THE Pope hinted yesterday that he hoped that the return to Russia of a revered Orthodox icon will enable him to travel to Moscow, fulfilling one of his last remaining ambitions.

At an elaborate ceremony in the Vatican tinged with Byzantine chants used in the Russian Church, the Pope gave the icon of the Madonna of Kazan to a delegation that will take it to Russia tomorrow after public veneration in Rome.

The Pope hopes that the gesture will start a thaw in icy Roman Catholic-Orthodox relations and help to heal the thousand-year East-West schism in the Church.

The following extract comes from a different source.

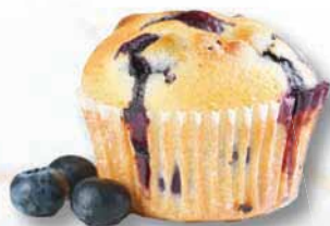
Fresh Muffin Blueberry R35

At 84 and suffering from Parkinson’s disease and arthritis, the widely travelled pontiff still harbours hopes of making an official visit to Moscow.

Although he has a standing invitation from a succession of Soviet and Russian leaders, including President Putin, his desire to travel to the home of the largest and most influential Church of world orthodoxy has been stymied by strained relations between the Vatican and the Russian Church. The icon will be delivered by Cardinal Walter Kasper, head of the Pontifical Council for Christian Unity, to Alexei II, the Russian Orthodox Patriarch, at the Cathedral of the Dormition in the Kremlin on Saturday. The Pope had hoped to return the icon himself by visiting Kazan last year, but the plan was shelved when Alexei II made clear his opposition.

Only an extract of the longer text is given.